You will get better quality information if you tell us the answer to the above questions. 

Steve


----------



## MAMdad321 (11 mo ago)

xabiaxica said:


> Welcome!
> 
> How much time you can legally stay in the caravan will depend upon the status of the site. Some are fully residential, some not.
> 
> ...


Sorry for the delay in answering. We hold British passports and from England. The caravan site is open all year. We retire in 2 years so trying to get as much information as possible. If I understand your reply correctly we can stay for 90 days then we would have to leave Spain. For how long before we can return? 
Then we can come back and do another 90 days and repeat the same process over and ove?


----------



## woodpecker9 (Jan 22, 2021)

xabiaxica said:


> Welcome!
> 
> How much time you can legally stay in the caravan will depend upon the status of the site. Some are fully residential, some not.
> 
> ...


I am a bit confused about this 90-day rule, I thought the 90-day rule applied to all including EU passport holders.


----------



## MAMdad321 (11 mo ago)

So am I. Just out of curiosity how, where, and what’s involved in getting a residents visa.


----------



## Joppa (Sep 7, 2009)

MAMdad321 said:


> Sorry for the delay in answering. We hold British passports and from England. The caravan site is open all year. We retire in 2 years so trying to get as much information as possible. If I understand your reply correctly we can stay for 90 days then we would have to leave Spain. For how long before we can return?
> Then we can come back and do another 90 days and repeat the same process over and over?


90 days in the whole of Schengen area. And yes.


woodpecker9 said:


> I am a bit confused about this 90-day rule, I thought the 90-day rule applied to all including EU passport holders.

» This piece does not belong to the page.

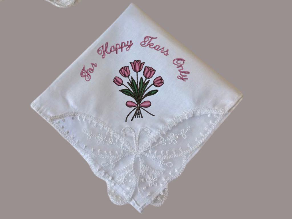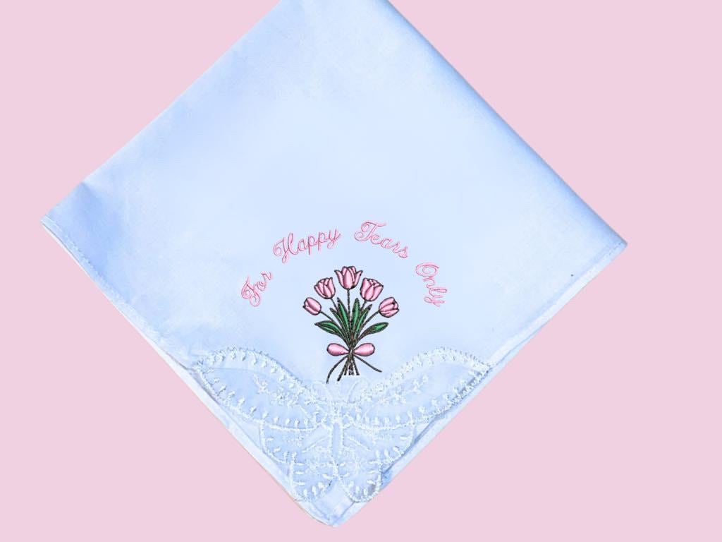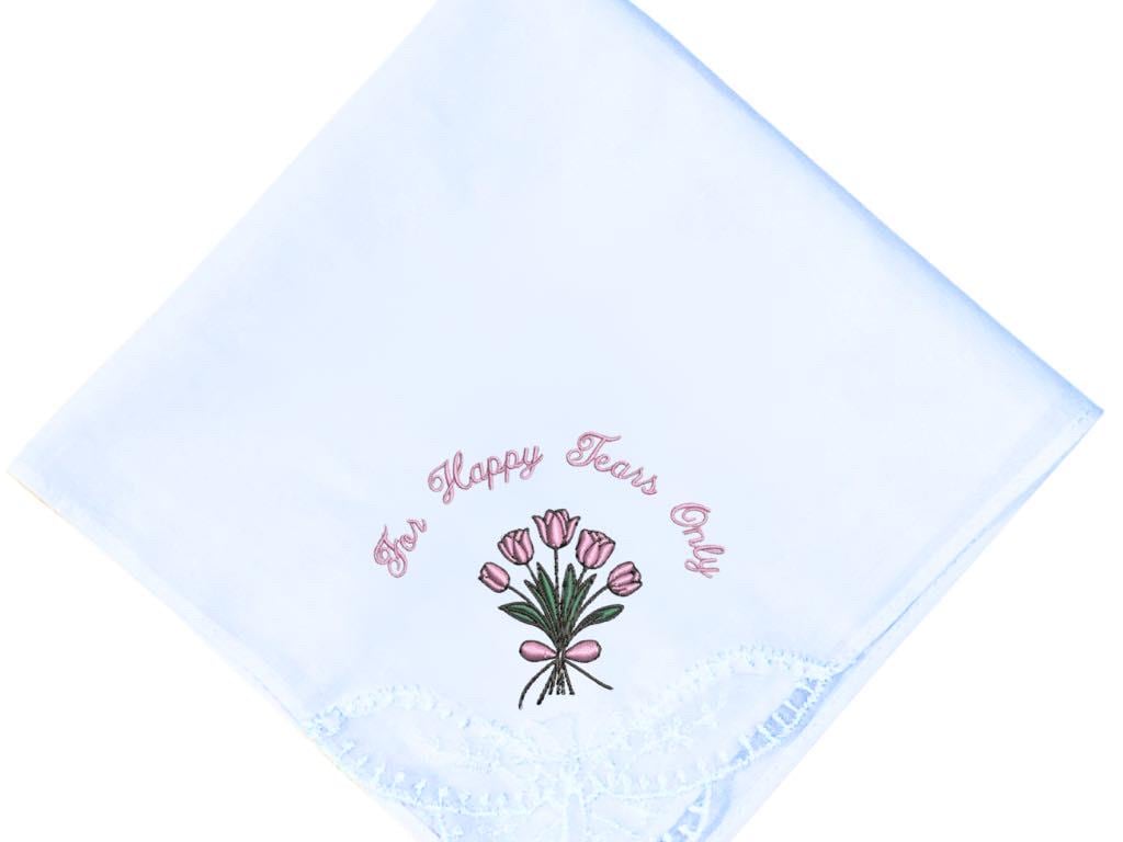 Our personalized “Happy Tears Only” handkerchief is a heartfelt keepsake for your most meaningful moments. Whether gifted to the bride, mother of the bride, groom, or any loved one, this delicate piece is embroidered with soft florals and the sweet sentiment “Happy Tears Only” — a timeless reminder of love, joy, and cherished memories.

While EU citizens are meant to register their presence/residence within 3 months, since they have freedom of movement, Spain and other EU countries don't enforce it so you can effectively stay as long as you like. There is a question of tax residency and paying income tax in Spain, but that's a separate issue. For non-EU citizens and others who don't have freedom of movement (unlike Norwegians, Swiss etc), you can only stay in Schengen for 90 days in any 180, and if you exceed it (and it's easier to be caught as passports are stamped, and you can be fined, deported and possibly banned from entering Schengen for a period of time, often 2 years). So it's a very different ballgame for UK citizens without EU passport (such as Irish) or EU spouse/partner.


----------



## woodpecker9 (Jan 22, 2021)

Joppa said:


> 90 days in the whole of Schengen area. And yes.
> 
> While EU citizens are meant to register their presence/residence within 3 months, since they have freedom of movement, Spain and other EU countries don't enforce it so you can effectively stay as long as you like. There is a question of tax residency and paying income tax in Spain, but that's a separate issue. For non-EU citizens and others who don't have freedom of movement (unlike Norwegians, Swiss etc), you can only stay in Schengen for 90 days in any 180, and if you exceed it (and it's easier to be caught as passports are stamped, and you can be fined, deported and possibly banned from entering Schengen for a period of time, often 2 years). So it's a very different ballgame for UK citizens without EU passport (such as Irish) or EU spouse/partner.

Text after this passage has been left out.